The “Euro Coin” is supposed to be MiCA-regulated by the Dutch central bank licensed, making them one of the first fully regulated stablecoins in Europe.
The stablecoin market is currently clearly dominated by US providers. Tether (USDT) and Circle (USDC) control the majority of global sales, while Euro stablecoins have so far been barely relevant.
For banks and companies in the DACH region, this means a dependence on US infrastructure, which is neither regulatory nor geopolitically desirable.
The Qivalis consortium will change that and establish a Euro stablecoin that can be used for payment transactions as well as for all matters related to tokenized securities.

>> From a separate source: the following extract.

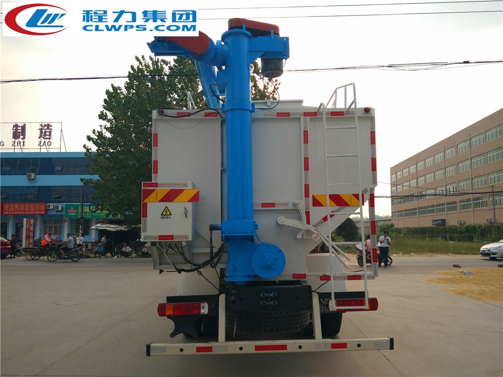 上裝配置:罐體材質采用4mm優質碳鋼板,整車3條絞龍,由3個5.5KW電機帶動,頂部絞龍用液壓控制舉升,可左右旋轉180°。罐體內分為肆個倉,可以獨立控制各分倉卸料順序和速度. |

With the Spanish BBVA, the consortium gains additional technical experience, particularly in the area of blockchain-based financial products.
A Euro coin will bring significant advantages for the economy: faster cross-border payments, lower transaction costs and, for the first time, true 24/7 processing.

This is particularly relevant for export-oriented medium-sized companies, FinTechs and institutional investors. At the same time, the EU stablecoin could serve as a settlement asset for tokenized bonds, fund shares and other money market products – an area that is growing rapidly in Germany, Austria and Switzerland and requires standardized on-chain payment methods.
If licensing takes place as planned, market observers expect the first pilot projects to take place this year. The initial focus is likely to be on B2B payments and treasury applications.
In the long term, the EU stablecoin is expected to displace US competition in Europe. The decisive factor will be whether the EU banking consortium can deliver at least the same level of interoperability and user-friendliness – areas in which US providers have so far been clearly ahead.